■ PROBLEM DESCRIPTION
All of the data, except its images, should be set down exactly as it appears.

■ MATERIAL FOR THE TASK
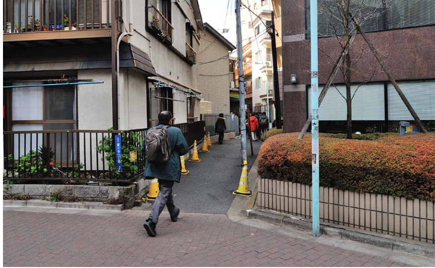
右ページ：渋谷駅南東側を流れる、渋谷川。河川の水幹線を通して、この場所から下水幹線に運ばれ、下流にいくと、水量維持のために処理水が入られる箇所がある。 左ページ：細い路地は、暗渠化された川の跡。川に面していた跡やマンホールなどから、もとの流れが推測できる。
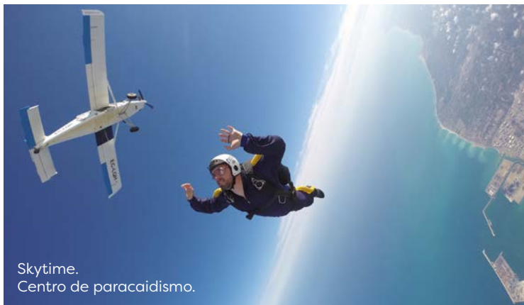
Skytime. Centro de paracaidismo.
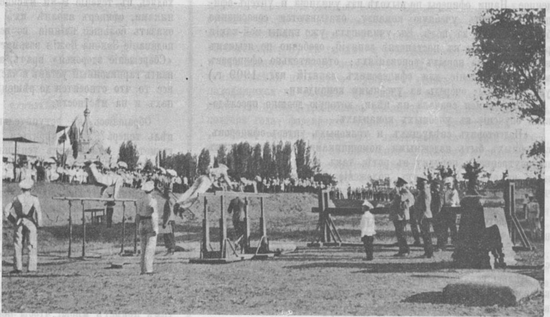
Гимнастика на снарядахъ. Параллельные брусья. (Къ корр. «Изъ г. Ташкента»).

Поэтому экзамены въ 1909 г. состоялись безъ моего
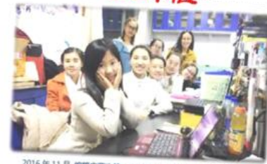
2016年11月 编辑内蒙古第二届营养与食品安全学术年会论文集之际
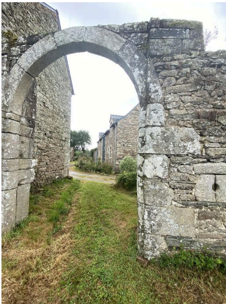
Le portail, vue sud

■ ANSWER TO THIS PROBLEM
右ページ：渋谷駅南東側を流れる、渋谷川。河川の水幹線を通して、この場所から下水幹線に運ばれ、下流にいくと、水量維持のために処理水が入られる箇所がある。 左ページ：細い路地は、暗渠化された川の跡。川に面していた跡やマンホールなどから、もとの流れが推測できる。
Skytime. Centro de paracaidismo.
Гимнастика на снарядахъ. Параллельные брусья. (Къ корр. «Изъ г. Ташкента»).

Поэтому экзамены въ 1909 г. состоялись безъ моего
2016年11月 编辑内蒙古第二届营养与食品安全学术年会论文集之际
Le portail, vue sud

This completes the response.